Ketua divisi umum rumah tangga, perencanaan, keuangan, dan logistik KPU Kabupaten Bogor, Tugiman mengatakan, dari 3.248.565 total pemilih di Kabupaten Bogor, 279.009 di antaranya merupakan pemilih dengan NIK bermasalah.
"Sebanyak 213.321 NIK-nya kosong. Setelah kemarin kami cocokkan dengan data Dukcapil, tidak ditemukan juga padanannya," kata Tugiman, di kantor KPU Kabupaten Bogor, Selasa (12/11).
Pemilih tanpa NIK tersebut ditemukan di beberapa TPS. Misalnya saja di lembaga pemsayarakat Kabupaten Bogor, lebih dari 1.000 pemilih tanpa NIK. Kemudian, di Desa Mampir, Kecamatan Cileungsi ditemukan banyak penduduk yang masa berlaku KTP nya sudah habis. Sebagian besar dari mereka keberatan mengurus KTP terbaru, dan belum memiliki KTP elektronik.
"Katanya biaya pergi ke kantor kelurahan saja sudah mahal untuk sekedar naik ojek. Jadi rata-rata mereka tidak pegang KTP lagi," ujarnya.
Kasus NIK yang tidak valid lainnya misalnya ditemukan banyak pemilih berusia di atas 60 tahun. Mereka merupakan pemegang KTP seumur hidup. Tetapi, KTP yang dipegang tidak sesuai dengan standar baru yang ditetapkan Dukcapil. Sehingga, saat dimasukkan dalam sistem informasi daftar pemilih (sidalih), NIK nya dianggap kosong.

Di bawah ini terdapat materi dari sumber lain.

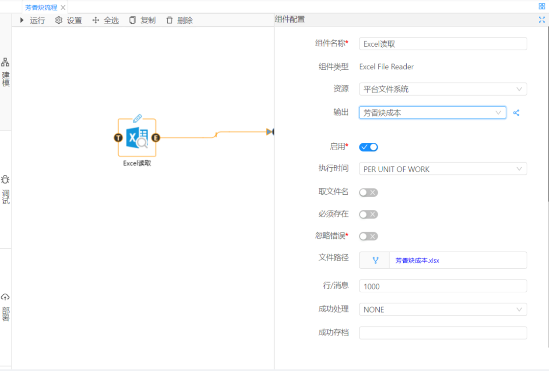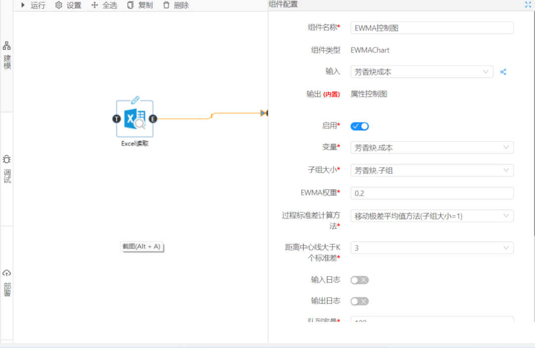 首先選取數據大腦的Excel讀取組件和EWMA控制圖組件,配置好相關資源,之后點擊左側的調試按鈕,如圖2,3所示:
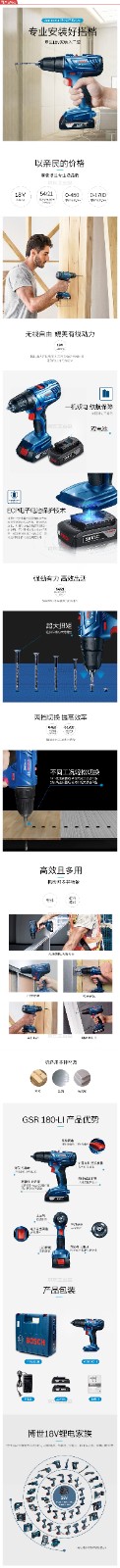 商品名称:博世(BOSCH) 锂电充电式电钻/起子机(2电1充 2.0Ah);GSR 180-LI
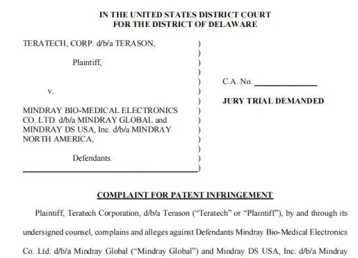 2025 年 9 月 15 日,美国特拉华州法院收到一份特殊的起诉状:本土企业 Teratech 以五项专利侵权为由,将曾经的 OEM 合作伙伴迈瑞生物及其美国子公司迈瑞 DS USA 告上法庭。
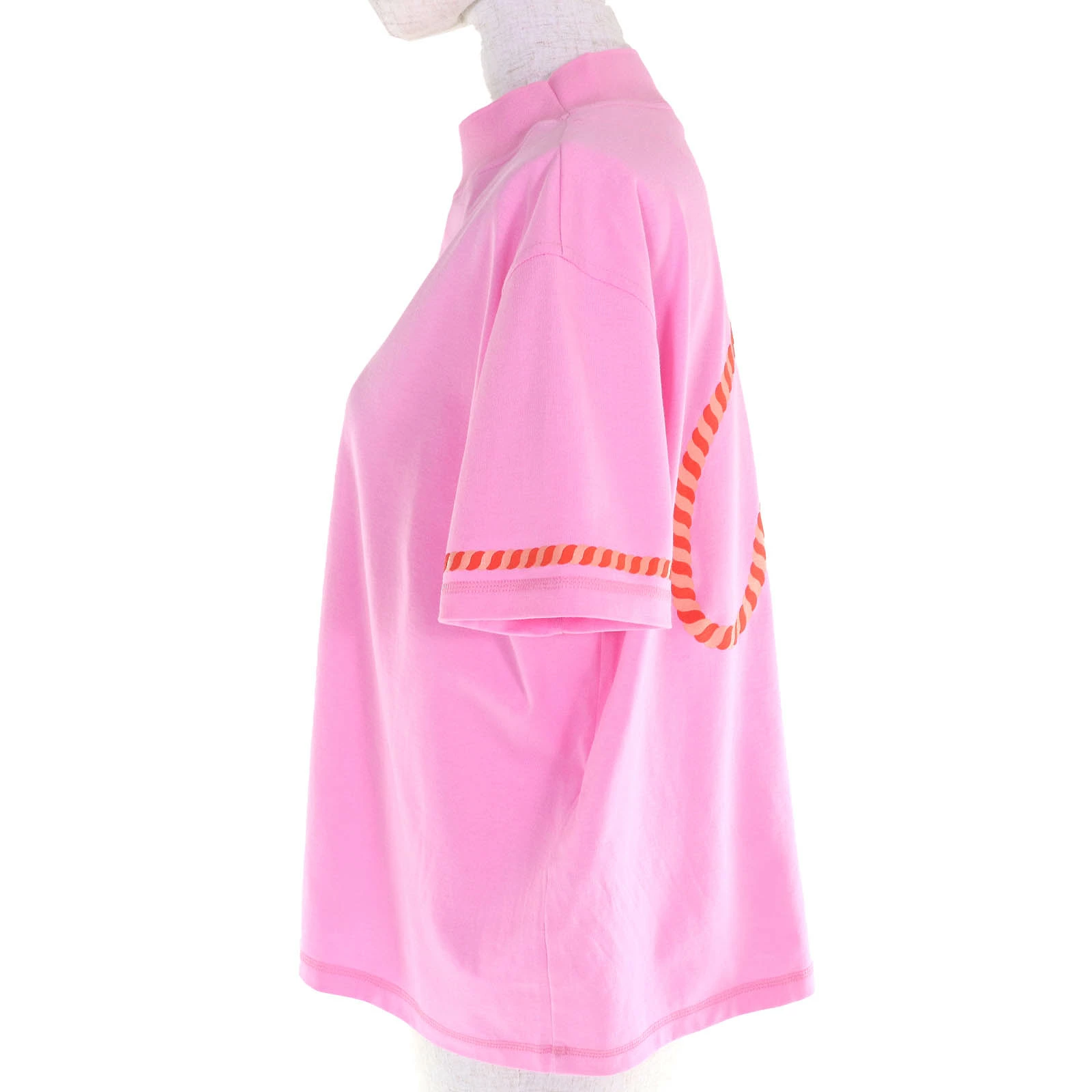 Excellent condition HERMES 23SS 3E4621DL Cartouche 100% Cotton Mock Neck Short Sleeve T-Shirt, Pink, Size 36, Made in France, Authentic, Women's [Pre-owned]
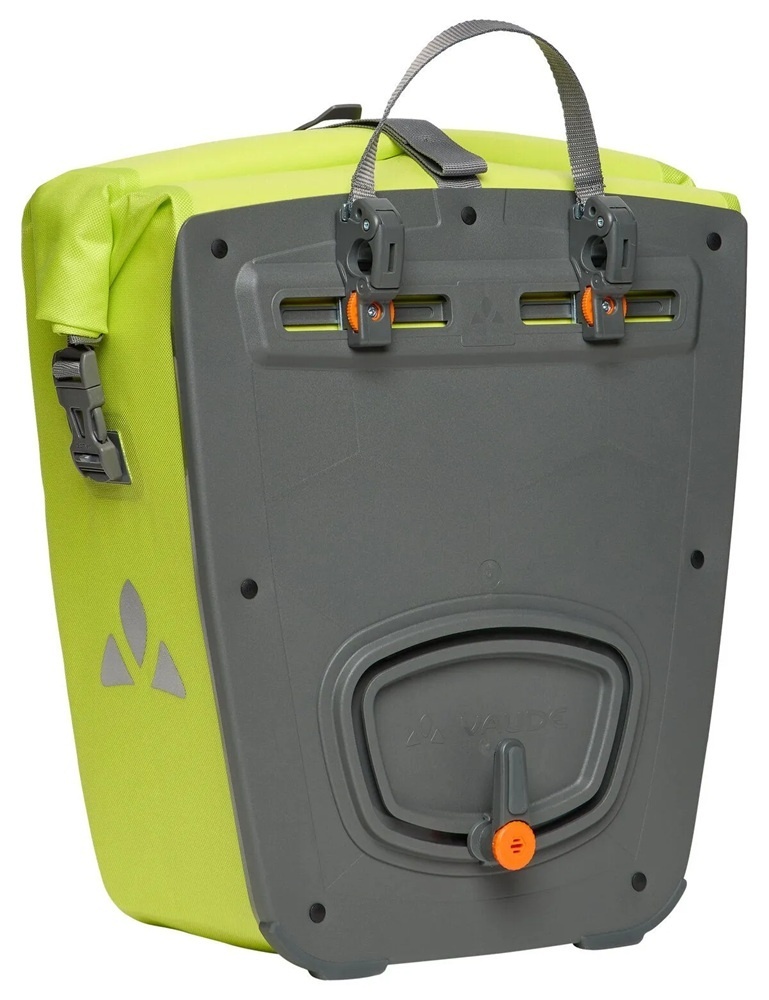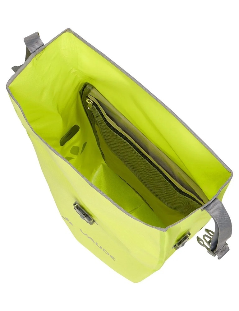 Een waterdichte enkele fietstas voor achterop de fiets, van Vaude, uitgevoerd in fluorescerend geel/groen met grijze details. De kwaliteitstas is door de waterdichte rolsluiting in hoogte verstelbaar. De Aqua Back Single heeft een inhoud van 24 liter en is met de afneembare en verstelbare grijze schouderband ook als schoudertas te gebruiken.
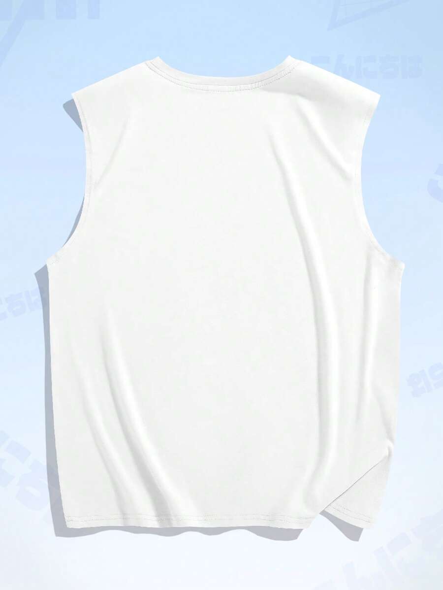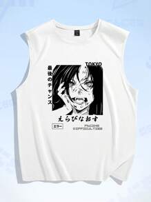 Anime Hombres Top tank algodón con estampado de letra japonesa y figura
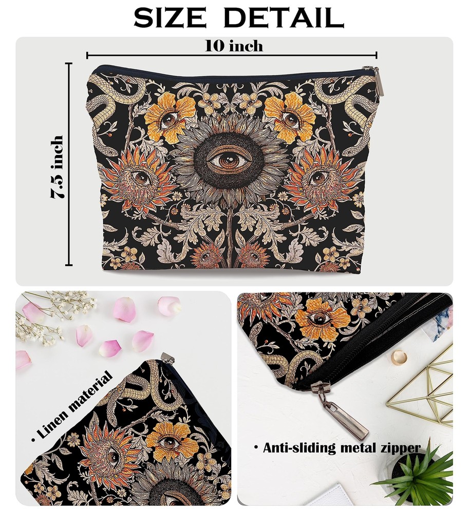 Ayxvt Tarot Evil Eye Sunflower Hippie Snake Vintage Flowers Floral Cosmetic Bag Decorative Women's Makeup Bag Zipper Pouch Travel Toiletry,Gifts for Tarot Lovers Women Teen Girls PERFECT SIZE: The makeup bag is 10 x 7.5 inches which is suitable and enough to carry daily makeup tools such as lipstick, foundation, eye shadow, perfume or other small items.Perfectly for daily use. PREMIUM MATERIAL: Our cosmetic bag is made of high-quality linen fabric with a metal zipper.It is soft and durable, the sturdy zipper can keep your beauty products in place. UNIQUE DESIGN: We have designed a variety of patterns and slogans to fit your individual needs. Every cosmetic bag looks interesting and let your personality be displayed. It is Double-sided printed, adopted Exquisite patterns and script writing. MULTIPLE UASAGES:It is not only a simple makeup bag but also can be a small shopping bag, coin purse, toiletries bag or other sundries bag. It can be used in various scenarios in everyday life for your headphones, cell phone, sunglasses and keys. Extra portable, especially for traveling. IDEAL GIFTS: Our makeup bag can make you stand out from the crowds. This is a perfect gift to Valentine's Day, Mother's Day, birthdays, Christmas,Teachers’ day, Nurses’ day share with your boss lady teacher best friends mom sister teacher wife sister grandmother nana..... SHIPPING Domestic Buyers - We have confidence in our products, but if you are not fully satisfied please contact us within 30 days of purchase and you will get full refund. - We ship within 3 business days of payment, usually sooner - We offer FREE shipping on all orders! - We only ship to the lower 48 states, no APO/FPO addresses or PO Boxes allowed International buyers – please note: Import duties, taxes, and charges aren't included in the item price or postage cost. These charges are the buyer's responsibility. - Please check with your country's customs office to determine what these additional costs will be prior to bidding or buying. * Order Cancellation Policy ** You can return a product for up to 30 days from the date you purchased it. 1. The seller reserves the right to cancel the special case only due to eBay cancellation fee. 2. The decision of seller is the final. 3. The seller will respond to the cancellation request within 2 business days. Please wait for the result of cancellation. 4. In case the cancellation is not completed by some reasons, the buyer can follow the options below to get the refund. 4.1 The buyer can reject the item when it arrives. 4.2 The buyer can send the item back to the seller within 30 days If the buyer receives item (USA Shipment ONLY). The seller will provide the FREE return label to the buyer when the buyer opens " Return Item" case on eBay by using the reason as "Change my mind" ONLY. 5. When buyer has placed the order. The order will be processed and completed by automatic warehouse system within 5 minutes. In case that buyer sends the cancellation request after 5 minutes of placing the order, the request will be rejected. **Sending direct message to cancel the order is not allowed for every case.* Return Policy For the return case - If buyer would like to return the items for refund or replacement, please CONTACT SELLER to receive the free return label from seller. The refund or replacement will be processed with the tracking number of return label which is provided by seller only. The other ways of return which are not approved by seller will not be processed for the refund or replacement.

Pemilih yang masih menggunakan KTP lama tersebut, menurut Tugiman cukup banyak ditemukan. Sayangnya, saat dilakukan pengecekan bersama Dinas Dukcapil tidak memberikan data kependudukan yang lengkap. Dukcapil hanya membawa data penduduk secara umum, tanpa rincian alamat hingga TPS. Untuk memberikan NIK baru pun, Dukcapil menyatakan harus ditempuh prosedur baku. Yakni melalui pengajuan surat S0 oleh penduduk tersebut ke Dukcapil setempat.

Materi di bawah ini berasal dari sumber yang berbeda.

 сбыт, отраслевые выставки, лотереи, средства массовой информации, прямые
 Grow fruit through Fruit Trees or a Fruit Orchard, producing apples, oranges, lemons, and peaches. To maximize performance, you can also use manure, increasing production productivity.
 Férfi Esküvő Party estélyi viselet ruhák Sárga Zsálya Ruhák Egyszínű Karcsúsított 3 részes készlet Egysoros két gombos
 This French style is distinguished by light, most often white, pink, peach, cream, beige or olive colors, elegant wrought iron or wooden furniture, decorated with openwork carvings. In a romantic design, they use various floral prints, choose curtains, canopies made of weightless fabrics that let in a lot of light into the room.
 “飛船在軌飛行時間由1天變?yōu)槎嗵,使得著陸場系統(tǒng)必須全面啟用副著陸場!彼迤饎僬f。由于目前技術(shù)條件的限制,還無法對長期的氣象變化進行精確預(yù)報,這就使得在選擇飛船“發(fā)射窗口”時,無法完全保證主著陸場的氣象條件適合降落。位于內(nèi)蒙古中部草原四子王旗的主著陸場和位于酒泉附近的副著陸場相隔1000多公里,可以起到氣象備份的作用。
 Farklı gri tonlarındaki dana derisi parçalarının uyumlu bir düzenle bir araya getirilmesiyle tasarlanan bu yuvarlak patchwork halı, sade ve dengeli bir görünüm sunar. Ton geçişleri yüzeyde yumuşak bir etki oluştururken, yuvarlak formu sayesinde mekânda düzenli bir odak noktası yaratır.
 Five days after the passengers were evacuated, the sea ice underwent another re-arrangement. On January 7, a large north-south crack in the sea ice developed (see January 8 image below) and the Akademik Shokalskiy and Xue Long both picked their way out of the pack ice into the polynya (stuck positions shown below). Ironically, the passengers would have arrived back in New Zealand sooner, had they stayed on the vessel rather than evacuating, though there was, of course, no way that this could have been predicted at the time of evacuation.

"Kami harapkan untuk pengecekan ke lapangan selanjutnya ada sinergitas dengan Dukcapil," kata Tugiman.
Ketua KPU kabupaten Bogor Achmad Fauzi menambahkan, pemilih dengan NIK yang belum sesuai dengan standar memang masih banyak.
"Program e-KTP saja kan belum 100 persen, dari yang sudah ada belum tentu semua punya KTP yang standarnya sesuai dengan Kemendagri," kata dia.
Meski begitu, sesuai dengan surat edaran 756 tahun 2013 dari KPU pusat, pengecekan dan validasi data pemilih akan terus dilakukan. Direncanakan pada 19 November hasil pengecekan Panitia Pemungutan Suara (PPS) dan Panitia Pemilihan Kecamatan (PPK) telah tuntas dan dikumpulkan di KPU kabupaten. Selanjutnya, bagi pemilih yang benar-benar belum memiliki NIK akan dimintakan pada Dinas Dukcapil.
Komisioner KPU Hadar Nafis Gumay saat melakukan pengecekan ke lapangan (spot check) di Kecamatan Cibinong, Kabupaten Bogor mengatakan, selain belum memiliki NIK, bisa saja kesalahan terjadi saat pemutakhiran data dan proses memasukkan data ke sidalih.
Misalnya saja saat ditemui langsung di TPS 116 Padurenan, Kelurahan Pabuaran, Cibinong. Terdapat satu pemilih dengan NIK invalid atas nama Parniyah. Setelah dicek, ternyata Parniyah dianggap sebagai pemilih dengan NIK bermasalah lantaran kesalahan pantarlih saat memasukkan data dalam sidalih.
"Jadi memang harus dipastikan apa sebetulnya kesalahannya. Dibuatkan berita acara agar jelas dan terukur tindak lanjutnya, misalnya ada pemilih yang belum ada NIK atau pemilih yang pindah, atau belum terdaftar sama sekali," kata Hadar.
Dalam surat edaran 756, KPU, Bawaslu, pemerintah, Komisi II dan media massa dijadwalkan akan melakukan monitoring dan evaluasi bersama di 10 provinsi. Yakni Sumatera Utara, Sumatera Selatan, Jawa Barat, DKI Jakarta, Kalimantan Barat, Sulawesi Selatan. Kemudian Gorontalo, Nusa Tenggara Timur, Maluku, dan Provinsi Papua Barat.